Taking action with Chosenly
With all of this data, Chosenly is the only AI search tool that I know of can help you do all of this:
- Create a content strategy: Prioritise topics, recommend actions (create/refresh/repurpose).
- Support content creation: Create brand guidelines, collect unique insights from your SMEs, and create drafts for this content.
- Create a mentions strategy: Which citations to prioritise(based on # answers influenced, est. traffic), who in the team to reach out to, and what’s their email + LinkedIn contact info.
- Negotiate placements: Reaches out and negotiates placements on your behalf.
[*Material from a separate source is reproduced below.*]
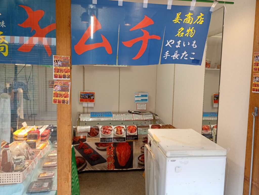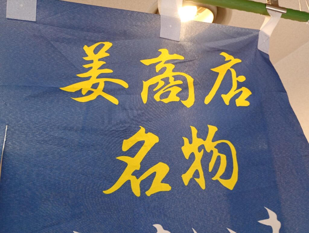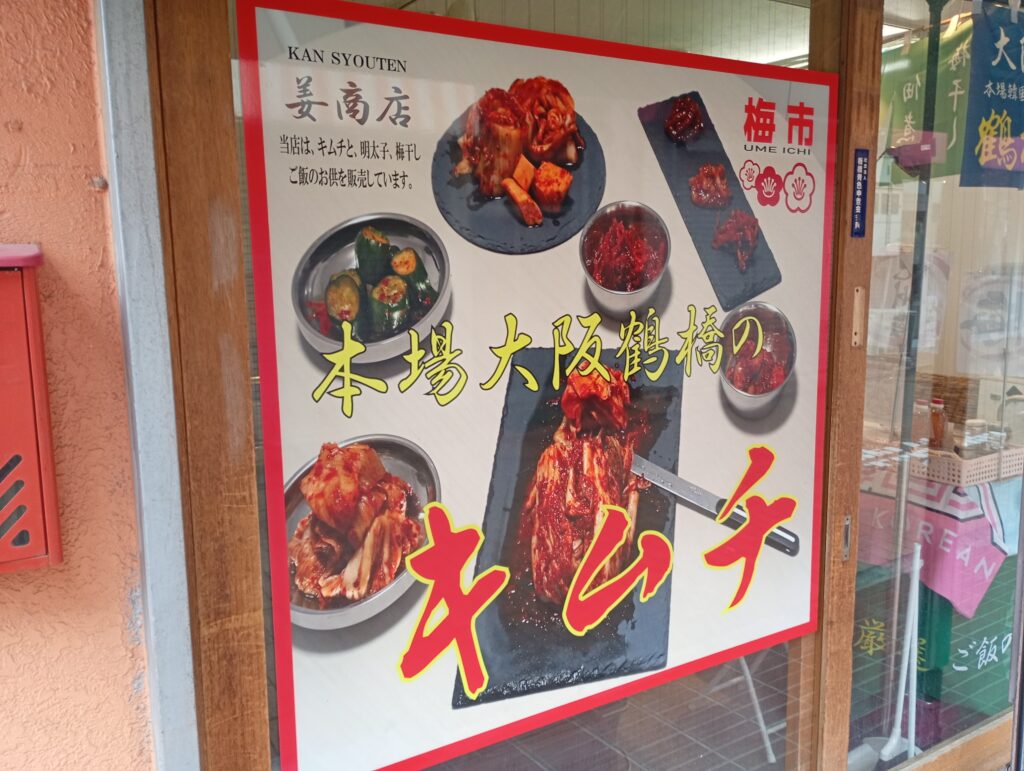 店舗はもともとエスニックのお店があった場所で「本場大阪鶴橋のキムチ」と大きく書かれ、のれんには「キムチ姜商店」とあります。
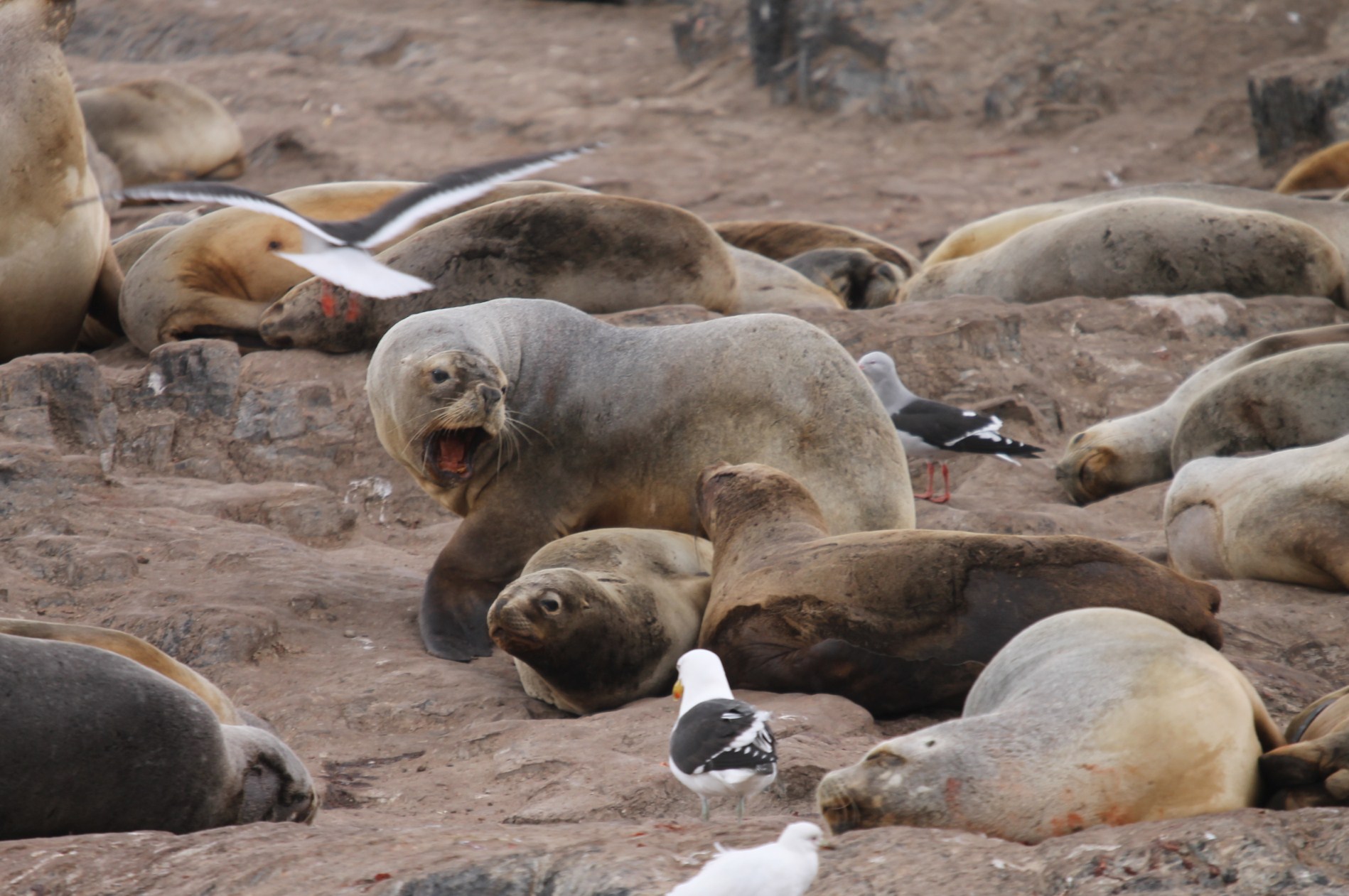 Скачать обои для рабочего стола Стая тюленей и чайки и фото

Only asks you for approvals from time to time.
- Find relevant Reddit threads: Grouped by the info needed to take action on each type of thread.
- Help draft Reddit comments: From your own company information so it doesn’t misrepresent you, and respect the Reddit culture so you don’t get banned.
- Win/loss analysis on AI positioning: Collects criteria to prioritise for, shows where you’re strong/weak, gives reasons so we can act on it.
- Surface why LLMs lie about you: Finds statements that may influence a sale, if they're misrepresenting you, shows you why LLMs say that.
Wrapping up
Rand is absolutely right. AI answers are inconsistent, rankings are unstable, and prompt variation makes the noise worse. While this doesn’t make AI search tools useless, it makes most of them extremely unreliable because they try to measure AI like SEO.
AI visibility is measurable and Chosenly is built for that. We care more about data reliability than fancy visualizations.
But if you ask me if this same approach works for B2C? I don’t know. I don’t care. Chosenly works for B2B. And in B2B, this approach is the only one that actually holds up.